Врач узнал первосвященника. Он робко подошел к нему, приложил дрожащую руку к козырьку фуражки и прошептал:

— Было приказано… стрелять в каждого, кто бежит… Эти бежали… за пятым послана погоня…

Первосвященник молча смотрел на труп сына. Президент и король не решались подойти. Антиной улыбался. Закрытые глаза его больше ничего не хотели видеть. Он был свободен.

— Кто отдал приказ стрелять? — хрипло спросил первосвященник.

— Я, ваше святейшество, — молодцевато ответил полицейский офицер, ожидая награды за свою находчивость.

Первосвященник молча вынул револьвер и выстрелил. Офицер упал. Первосвященник повернулся и спокойно сказал президенту и королю:

— Он убил моего сына. Помолчав, он решительно прибавил:

— Все пропало. Случай — вот наш настоящий враг. Теперь ничто не поможет. Едем.

Они сели в автомобиль и молча поехали назад. Гибель надвинулась на них и смотрела в лицо пустыми глазами. Дождь моросил все сильнее. Они въехали в город. Народ успел уже все узнать от какого-то сумасшедшего старика, добежавшего до заставы. Здесь его схватили преследователи, но толпа накинулась на них и освободила старика. Старик кричал:

— Антиной погиб! Антиной убит! Да здравствует революция!

Это известие облетело столицу. Население обезумело. Люди не узнавали друг друга. Все бесцельно бегали по улицам и кричали:

— Он мог бы спасти нас! Он убит! Мы погибнем! Первосвященник услыхал эти крики. Он повернулся к президенту и гордо сказал:

— Вы слышите, как оплакивают моего сына? Да, он мог спасти их. Достаточно того, что они ему верили. Мой… мой сын.

В его словах прозвучала величайшая надменность.

— А кто убил его? — резко спросил король. — Не вы ли сами?

Вдруг автомобиль неожиданно остановился. Толчок был так силен, что пассажиры едва не выпали из него.

Шофер выпрыгнул из автомобиля и начал возиться около машины.

— Ну! — нетерпеливо крикнул первосвященник. — Убью на месте!

— Машина испортилась, — робко ответил шофер, залезая под автомобиль.

Через секунду он выскочил оттуда и в страхе отбежал в сторону.

Автомобиль вдруг задрожал мелкой дрожью. Пассажиры поспешно выскочили из него. Тогда автомобиль яростно зашипел и встал на дыбы. Он тяжело поднялся всем корпусом и проехал несколько шагов на одних задних колесах. Потом он остановился, медленно опустился на все четыре колеса и как будто задумался. Потом медленно наклонился и повернулся на бок. Казалось, как сознательное существо, автомобиль отказывается служить, решает отдохнуть и ложится спать. Только колеса медленно вертелись в воздухе.
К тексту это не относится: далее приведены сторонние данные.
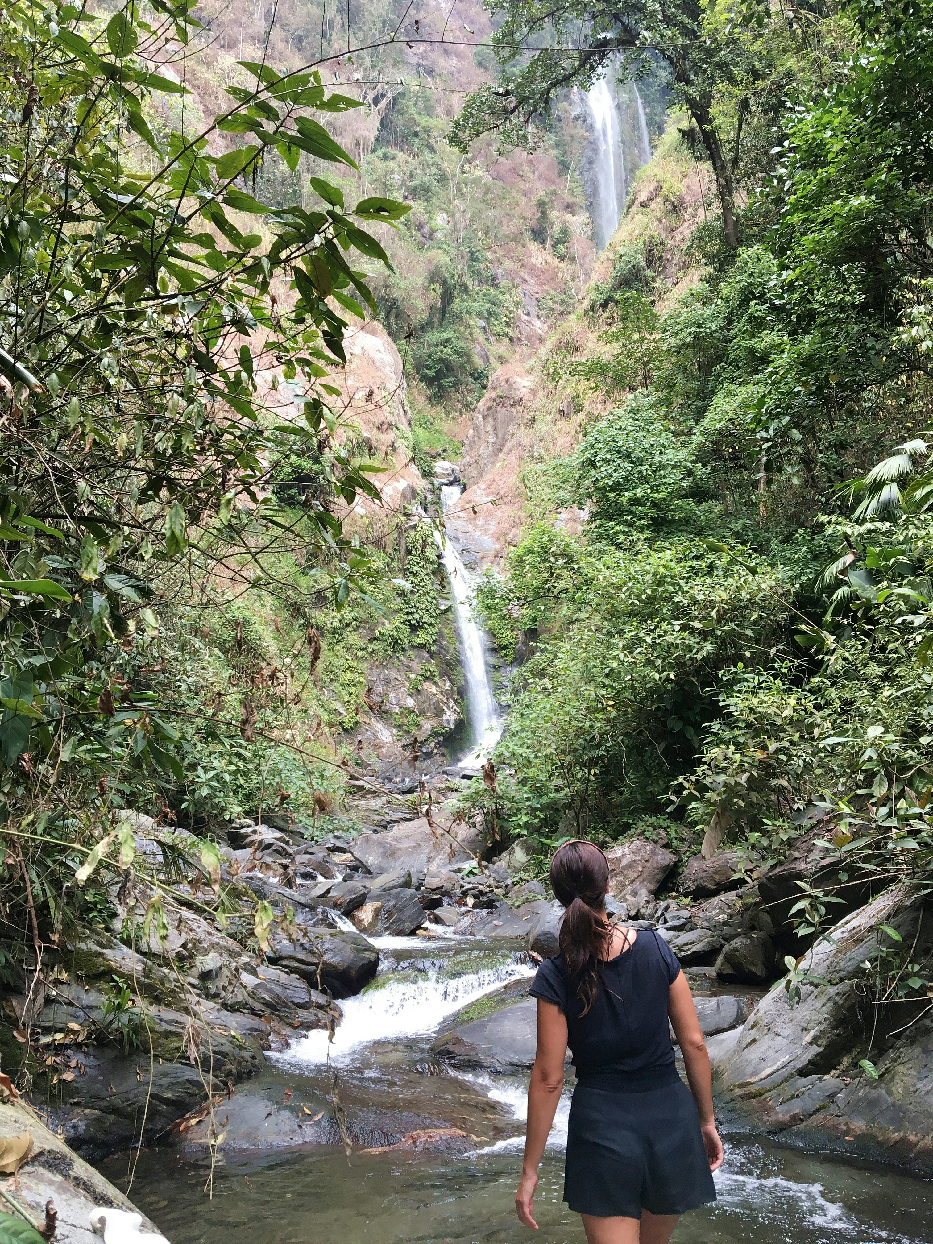 Woman Walking On River Towards Waterfalls Photo Free Nature

Шофер дико закричал и бросился бежать. За ним кинулись и пассажиры. Мимо бежали люди, и все они также кричали, никто не останавливался, никто не узнавал друг друга, никто не собирался кому-нибудь помочь. По всей столице творилось что-то невероятное. Все машины взбесились в несколько минут. На всех фабриках, на всех заводах царствовал полный хаос. Он вторгался всюду, где была хоть одна машина.

Машины безумствовали. Солнца то зажигались, то меркли, безумно крутясь в небе. Трамваи поднимались на дыбы, рвали провода, давили прохожих. Пустые автомобили сами носились по улицам, разбиваясь о стены. Весь город был покрыт обломками, трупами и корчащимися ранеными. Люди бежали куда глядят глаза, натыкаясь друг на друга, вбегая в дома, прячась в подвалах. Столица мгновенно превратилась в огромный сумасшедший дом, в котором буйным безумцам дали полную свободу. Но безумствовали не только люди — безумствовали вещи, если только они имели связь с машинами. Никто не мог понять, в чем дело. Людям было предоставлено гибнуть, прятаться и сходить с ума.
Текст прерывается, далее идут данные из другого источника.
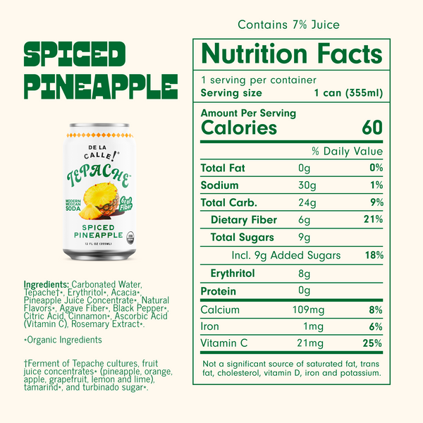 Carbonated Water, Tepache*, Erythritol*, Acacia*, Pineapple Juice Concentrate*, Pineapple Flavor*, Agave Inulin*, Black Pepper Extract*, Citric Acid, Cinnamon Extract*, Ascorbic Acid (Vitamin C). *Organic Ingredients

И вдруг с неба густыми потоками хлынула океанская вода. Тяжелые струи хлестали дома, улицы, последних не спрятавшихся людей и безумные машины. Все озера выступили из берегов, огромные куски полупрозрачного материала, из которого были выстроены небеса, с треском падали на город, проламывая крыши и мостовые. Потоки воды превратились в огромные водопады. Они стремглав несли вниз обломки и трупы. Океан прорвался. Подвалы и первые этажи были уже затоплены. Люди искали спасения на крышах, но там настигали их падающие с небес обломки и убивали на месте или разрушали последние убежища. Там, где небеса были прочны, все смывалось водой. Деревья, обломки, тонущие люди, — все это неслось в водоворотах, запрудивших улицы. Невероятный шум и треск превратились в сплошной гром. Солнца меркли. Страна голубых солнц погибала.
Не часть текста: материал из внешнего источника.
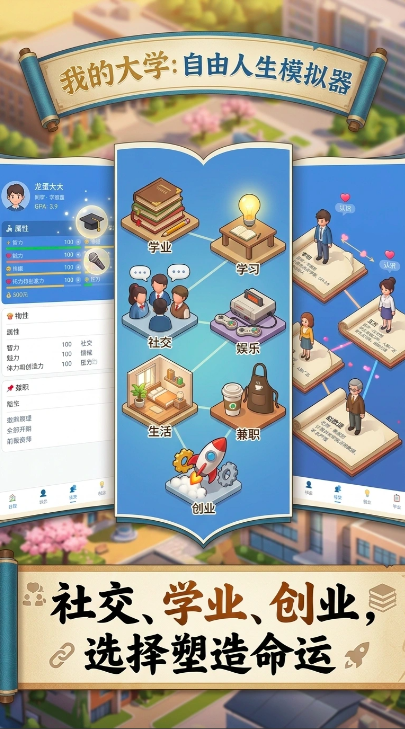 《我的大学》手游尚未公布正式上线日期,目前正处于内部测试阶段。这款以文字驱动为核心的模拟养成类作品,通过高度凝练的交互设计,真实还原大学四年成长轨迹——从专业选择、课程修读、社团活动到实习创业,每一次决策都将影响学业成绩、健康状态、人际关系与最终人生走向。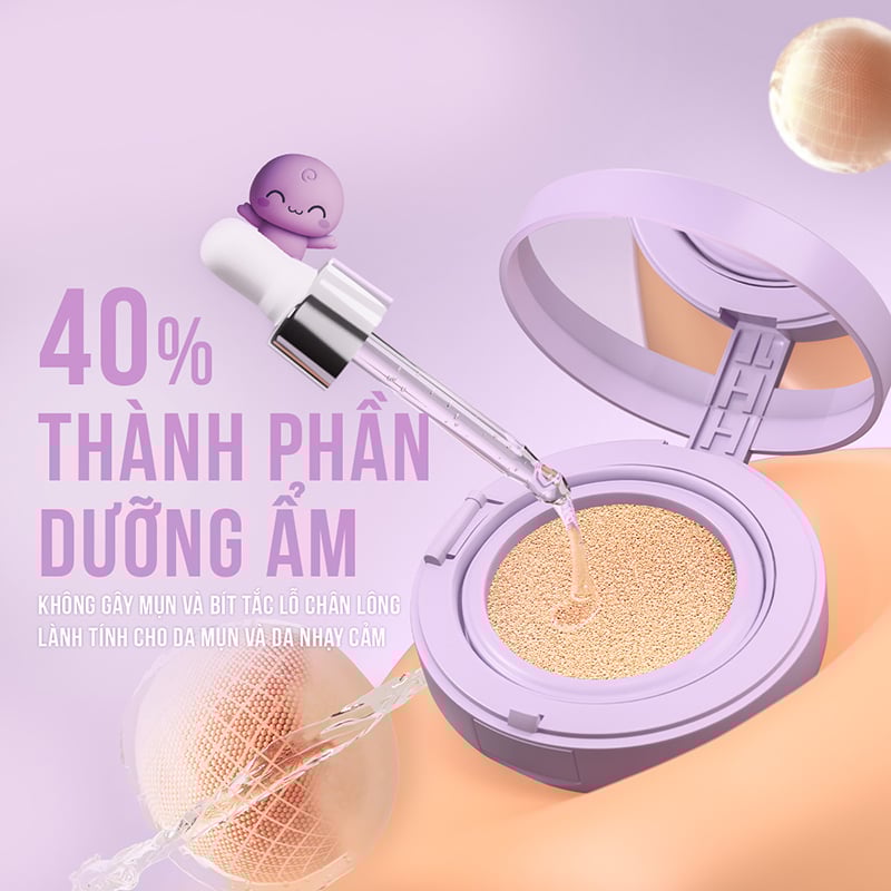 Công nghệ X3 hạt phấn giúp che phủ làm mờ đến 67% lỗ chân lông, cho làn da mịn mướt tự nhiên. Lớp nền dặm 1 lần cho làn da mịn lì, thoáng nhẹ chuẩn “baby vibe” – hiệu ứng Mịn-Matt-Mallow

И вот, заглушая весь этот хаос, весь рев прорвавшегося океана и треск гибели, раздался над столицей отчаянный и злой голос первосвященника, кричавшего в огромный рупор, по которому передавались все срочные распоряжения правительства:

— Атланты! Вы гибните! Все кончено! В последний раз слушайте меня, атланты! Я, ваш первосвященник, говорю вам: нет бога, нет рая, нет надежды! Все ложь! Будьте же все вы прокляты!..

НАСЛЕДНИКИ ГУЛЛИВЕРА

Конец близок, но, как хороший дядюшка из сказки, мы приготовили читателю еще один сюрприз. Можете ли вы пожаловаться на нас, читатель? Наш последний (а может быть, и не последний) сюрприз заключается в том, что ни Стиб, ни Сидония и никто из единомышленников Антиноя не пускал в ход мозг машин и не был причиной гибели Атлантиды. Катастрофа была необъяснима для атлантов. Хорошо, что авторы — люди земли.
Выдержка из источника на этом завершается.